Bigquery - Insert new data row into table by python

pythongoogle-bigquery

提问by Luis Kang

I read many documents about google bigquery-python, but I can't understand how to manage bigquery data by python code.

我阅读了很多关于 google bigquery-python 的文档,但我无法理解如何通过 python 代码管理 bigquery 数据。

At first, I make a new table as below.

首先,我创建了一个新表,如下所示。

credentials = GoogleCredentials.get_application_default()
service = build('bigquery', 'v2', credentials = credentials)

project_id = 'my_project'
dataset_id = 'my_dataset'
table_id = 'my_table'

project_ref = {'projectId': project_id}
dataset_ref = {'datasetId': dataset_id,
               'projectId': project_id}
table_ref = {'tableId': table_id,
             'datasetId': dataset_id,
             'projectId': project_id}

dataset = {'datasetReference': dataset_ref}
table = {'tableReference': table_ref}
table['schema'] = {'fields': [
    {'name': 'id', 'type': 'string'},
...
]}

table = service.tables().insert(body = table, **dataset_ref).execute()

And then I want to insert a data into this table, so I tried to do like below.

然后我想在这个表中插入一个数据,所以我试着像下面那样做。

fetch_list = []
patch = {'key': 'value'}
fetch_list.append(patch)

table = service.tables().patch(body = fetch_list, **table_ref).execute()

But nothing happened.

但什么也没发生。

How can I update new data into bigquery table?

如何将新数据更新到 bigquery 表中?

Please show me some example codes.

请给我看一些示例代码。

回答by Willian Fuks

EDIT Nov 2018:

2018 年 11 月编辑:

The answer of this question is outdated already as the google cloud client has evolved considerably since this last post.

这个问题的答案已经过时了,因为自上一篇文章以来,谷歌云客户端已经有了很大的发展。

The official docs contains all information needed already; hereyou can find everything needed for streaming insert and this onehas a complete overview of all methods available so far (you'll also find Python code examples on each page and each method).

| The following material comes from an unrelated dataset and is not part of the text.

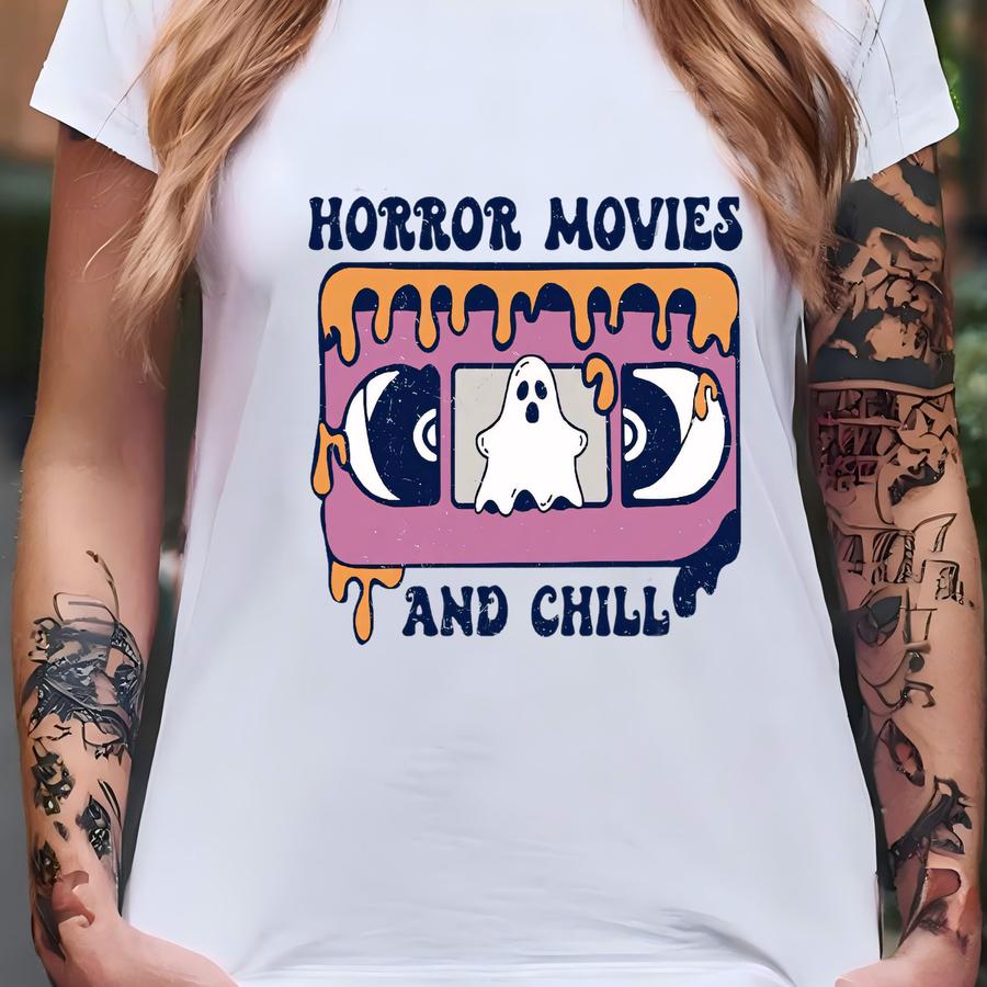 Horror Movies And Chill Sweatshirt, Halloween Shirt, Halloween Sweatshirt, Pumpkin Shirt, Ghost Shirt,fall Shirt, Retro Ghost,halloween Gift T-shirt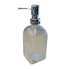 - Cores de aplicador disponíveis: Cobre, Dourado e Prata ( escolha a cor de sua preferência e adicione no carrinho de compras ) - Altura total da Saboneteira: 18,5 cm - Largura: 7 cm - Capacidade de sabonete líquido: 450 ml - Material: Vidro

官方文档已经包含了所有需要的信息;在这里,您可以找到流式插入所需的一切,并且此文对目前可用的所有方法进行了完整概述(您还将在每个页面和每个方法中找到 Python 代码示例)。

Original Answer:

原答案:

There are a few different ways that you can use to insert data to BQ.

您可以使用几种不同的方法将数据插入到 BQ。

For a deeper understanding of how the python-api works, here's everything you'll need: bq-python-api(at first the docs are somewhat scary but after you get a hang of it it's rather quite simple).

为了更深入地了解 python-api 的工作原理,这里是你需要的一切:bq-python-api(起初文档有点吓人,但在你掌握了它之后就相当简单了)。

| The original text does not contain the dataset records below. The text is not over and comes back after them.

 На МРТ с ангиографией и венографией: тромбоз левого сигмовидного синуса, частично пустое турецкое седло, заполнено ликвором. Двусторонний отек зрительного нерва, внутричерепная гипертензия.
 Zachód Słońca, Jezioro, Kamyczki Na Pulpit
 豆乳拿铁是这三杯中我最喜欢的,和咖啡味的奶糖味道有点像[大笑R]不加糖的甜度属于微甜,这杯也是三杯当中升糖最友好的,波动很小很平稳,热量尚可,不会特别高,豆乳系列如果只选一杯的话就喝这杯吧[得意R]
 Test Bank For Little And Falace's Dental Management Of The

There are 2 main methods that I use to insert data to BQ. The first one is data streamingand it's supposed to be used when you can insert row by row in a real time fashion. Code example:

我使用两种主要方法将数据插入到 BQ。第一个是数据流,它应该在您可以以实时方式逐行插入时使用。代码示例:

import uuid
def stream_data(self, table, data, schema):
    # first checks if table already exists. If it doesn't, then create it
    r = self.service.tables().list(projectId=your_project_id,
                                     datasetId=your_dataset_id).execute()
    table_exists = [row['tableReference']['tableId'] for row in
                    r['tables'] if
                    row['tableReference']['tableId'] == table]
    if not table_exists:
        body = {
            'tableReference': {
                'tableId': table,
                'projectId': your_project_id,
                'datasetId': your_dataset_id
            },
            'schema': schema
        }
        self.service.tables().insert(projectId=your_project_id,
                                     datasetId=your_dataset_id,
                                     body=body).execute()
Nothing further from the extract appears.